§ **THE PROBLEM**
From the material below, please set down exactly the lines starting with the one with "Die Nutria ( Myocastor" and going on through the one with "图22 毛乌素沙地，2009年摄", without a single picture.

- Opening Delimiter -

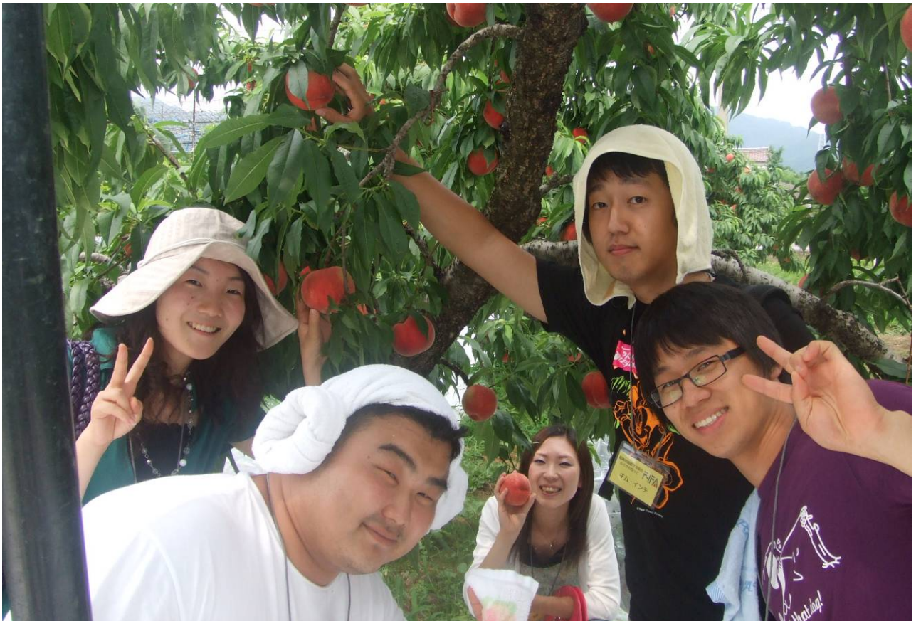
8月ふれあいイベント「もも狩りと民家園見学」のひとコマ
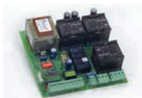
Плата управления 844 T Технические характеристики на стр. 141
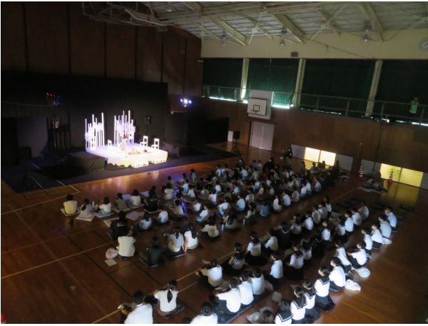
今年の様子「劇団うりんこ」を鑑賞

来年度は、総合劇集団俳優館によるミュージカル「あらしのよるに」の鑑賞を企画しています。
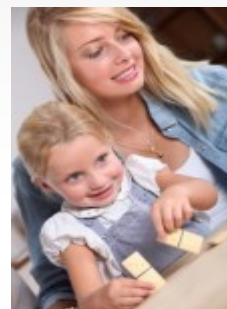
Garde et/ou accompagne- ment d'enfants
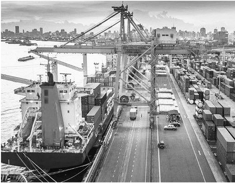
● Nhập siêu trở lại sau 22 tháng. (Ảnh minh họa - Nguồn: chinhphu.vn)
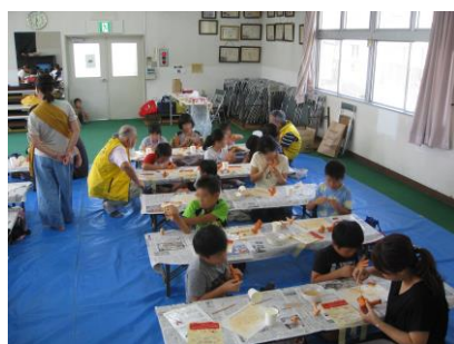
ミニフィギュアづくり
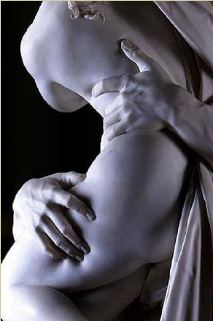
Bernini Particolare: Ratto di Proserpina

La scultura barocca ricerca gli effetti stilistici e formali tipici della pittura. Deve sorprendere per il suo realismo e virtuosismo
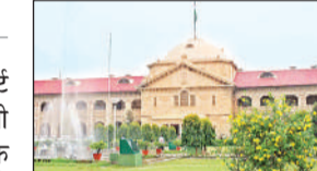
● कहा- मात्र आशंका, कल्पना या वैचारिक असहमति को आपराधिक अभियोजन का आधार नहीं बनाया जा सकता

याचिका में संभल (चंदौसी) की अदालतों के उन आदेशों को चुनौती दी गई थी, जिनमें राहुल गांधी के खिलाफ एफआईआर दर्ज कराने की मांग अस्वीकार कर दी गई थी। मामला 15 जनवरी 2025 को राहुल गांधी द्वारा दिए गए उस बयान से जुड़ा था, जिसमें कथित तौर पर कहा गया था कि उनकी “लड़ाई” एक संगठन, एक राजनीतिक दल और भारतीय राज्य
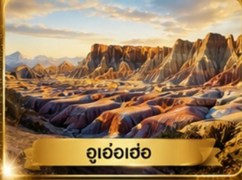
อุเอ้อเซ่อ
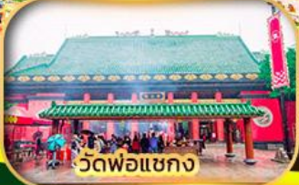
วัดพ่อแซกง
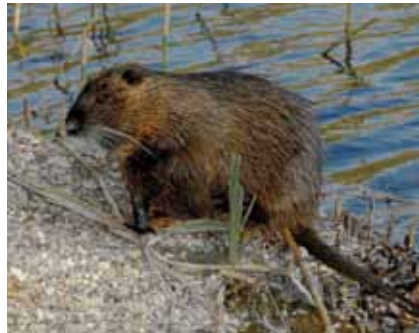
Die Nutria ( Myocastor coypus ) ist in Offenbach im Jahr 2012 zum ersten Mal beobachtet worden

nach Fressbarem und finden Verstecke in Gebäuden. Im Jahr 2006 wurden dem Umweltamt erste Beobachtungen in Offenbach mitgeteilt.
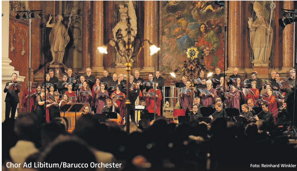
Chor Ad Libitum/Barucco Orchester

Doch. Musik beschreiben oder erklären? Fast unmöglich. Albert Einstein merkte zu Bachs Lebenswerk nur Fol-
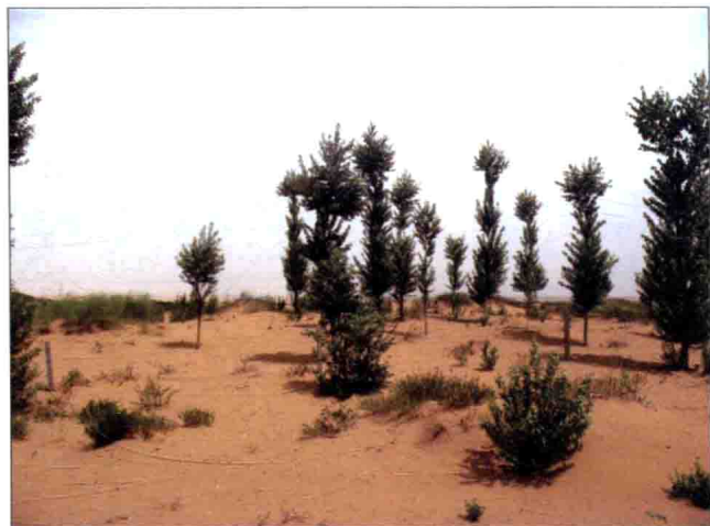
图22 毛乌素沙地，2009年摄
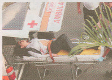
La cajera del BCR recibió un balazo en el estómago.

"No se lo deseo a nadie. Fue algo muy duro. Lo hago (presentar la demanda) para que nadie más pueda vivir lo que yo viví. Gracias a Dios
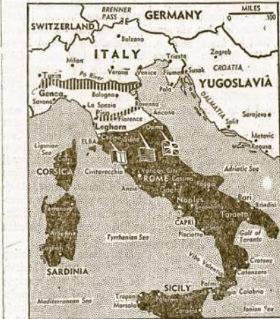
Nors pavaliai, bet Aliantų jėgos stumiasi vis toliau ir toliau į šiaurę Italoje. Siuomi laik amerikiečiai jau visai arti paties svarbiausio Italijos portu vakariniam pakrastyje Leghorn. Toliau į šiaurę hiterininkai dar turi stiprių nio liniją palei upę Po.
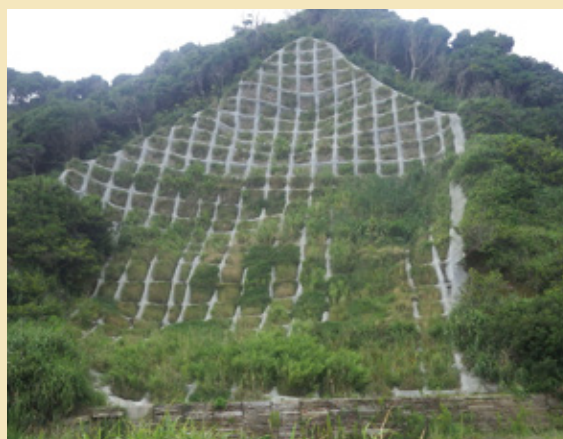
施工後 1 年 6 ヶ月
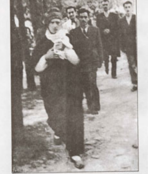
Üstad Bedüzzaman 1952 yılında, Gençlik Rehberi Mahkemesi münasebetiyle İstanbul'a geldiğinde Fatih Camii Şerifinden çıkarken talebeleriyle birlikte görülüyor.

Cumartesi, 06 Mart 2010 20:23 - Son Güncelleme Salı, 05 Mayıs 2020 14:38
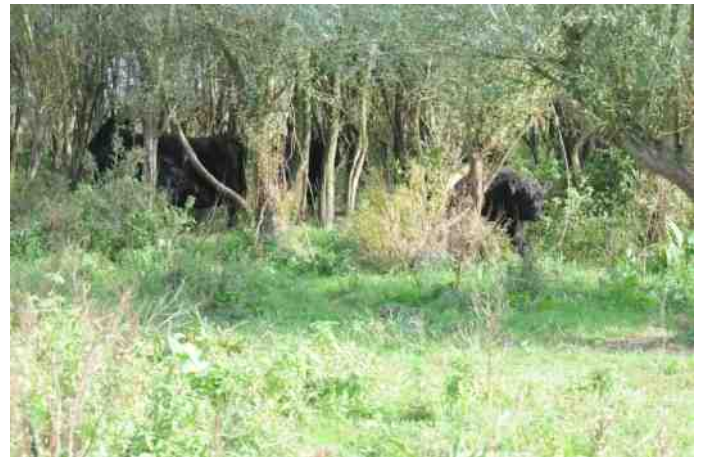
Lopen daar olifanten bij Meers?

Vervolgens een lekkere wandeling door het gebied (dat bij extreem hoog water als buffer dient) tot aan de plek waar nog volop gewerkt wordt aan de uitvoering van de plannen. Hier werd duidelijk hoeveel grond en grind er verplaatst was en hoeveel er nog verplaatst moet worden. Via verschillende weilanden kwamen we bij een monument bestaande uit cirkelvormig geplaatste dode bomen. Hier werd de excursie afgesloten. Maar aansluitend werd er op het terras van het nabij gelegen café nog lekker nagenoten.
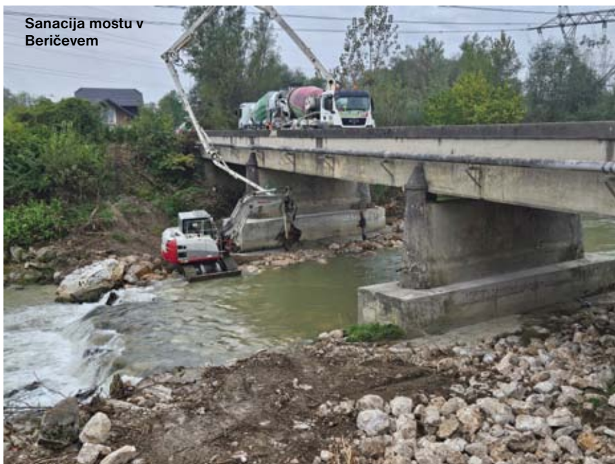
Sanacija mostu v Beričevem

Kot zelo uporaben se je izkazal tudi večnamenski prostor pri stavbi občine, saj je bilo na njem izpeljanih sedem večjih dogodkov. Dobro so bili sprejeti in doživeli so velik odziv. Pokazale so se le manjše pomanjkljivosti glede prometne ureditve, predvsem mislim tu na del ceste ob občinski stavbi, kjer avtomobili neustrezno parkirajo. Poskusili bomo razširiti parkirišče v smeri proti paviljonom in v smeri povezovalne ceste na Zasavsko cesto.
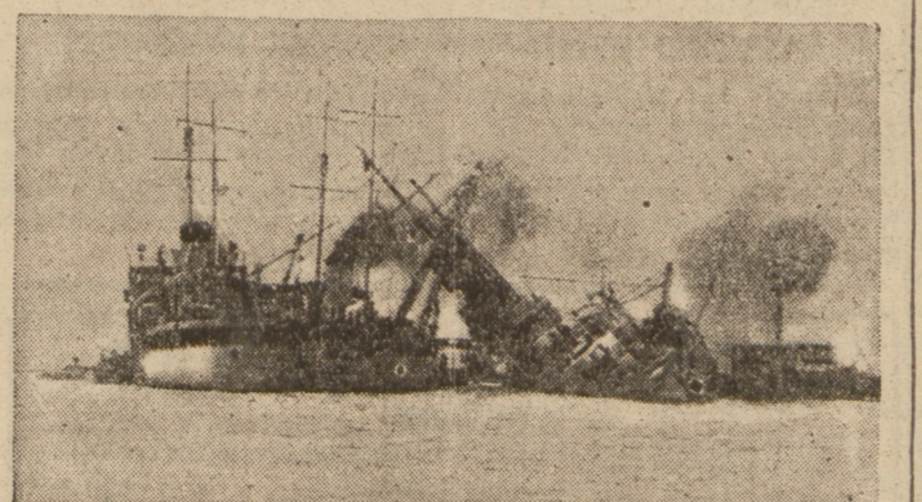
Fragment bitwy morskiej japońsko-chińskiej na południowych wodach chińskich. Jedna z chińskich kanonierek tonie, trafiona torpedą japońską.
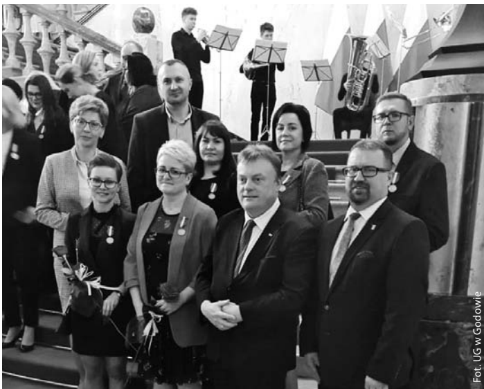
Uhonorowani Medalami za Długoletnią Służbę, Katowice 21.10.2019 r.

Medale za Długoletnią Służbę przyznawane są przez Prezydenta RP za wzorowe, wyjątkowo sumienne wykonywanie obowiązków wynikających z pracy zawodowej w służbie Państwa.
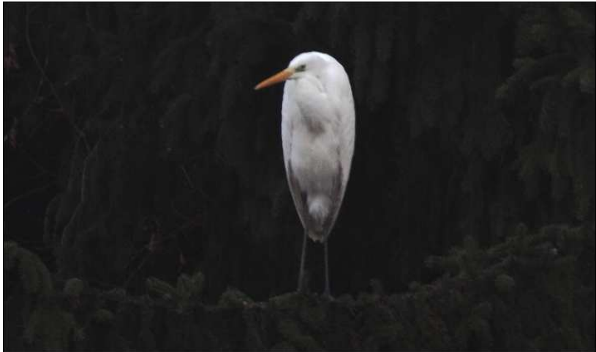
Abb. 1: 1 Ind. Silberreiher Ardea alba im SK; Datum: 12.01.2014; Ort: Hüttenbühlsee
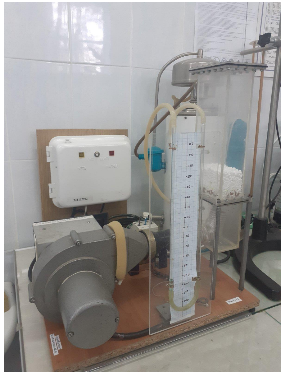
Установка для дослідження гідродинаміки киплячого (псевдозрідженого) зернистого шару
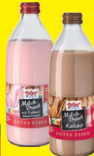
Hofgut Milch-Drink verschiedene Sorten 1,5% Fett 500 ml (1 Liter = 1,67 €)
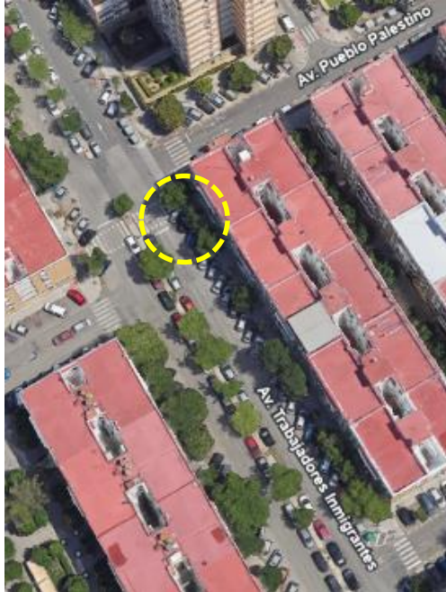
Localización: Styphnolobium japonicum con ID 100 en la Avenida Trabajadores Inmigrantes
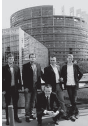
Przed PE w Brukseli
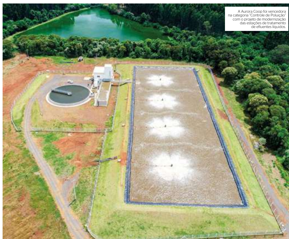
A Aurora Coop foi vencedora na categoria "Controle de Poluição" com o projeto de modernização das estações de tratamento de efluentes líquidos.

A Aurora Coop investiu mais de 40 milhões de reais na implantação e modernização das estações de tratamento de efluentes de três das suas maiores plantas industriais de aves e suínos de Santa Catarina e do Rio Grande do Sul. A instalação dessas estações marcou a história da Cooperativa com avanço tecnológico e adoção de novos conceitos que devem ser replicados em futuras instalações. Parâmetros de lançamento mais restritivos do que os previstos em lei, uso de tecnologia importada, automação, redução de gases de efeito estufa e reuso do efluente na própria estação reforçam, nestes projetos, importantes valores da Aurora Coop como ética, qualidade, confiança e sustentabilidade.

- Closing Delimiter -

§ **THE ANSWER**
Die Nutria ( Myocastor coypus ) ist in Offenbach im Jahr 2012 zum ersten Mal beobachtet worden

nach Fressbarem und finden Verstecke in Gebäuden. Im Jahr 2006 wurden dem Umweltamt erste Beobachtungen in Offenbach mitgeteilt.
Chor Ad Libitum/Barucco Orchester

Doch. Musik beschreiben oder erklären? Fast unmöglich. Albert Einstein merkte zu Bachs Lebenswerk nur Fol-
图22 毛乌素沙地，2009年摄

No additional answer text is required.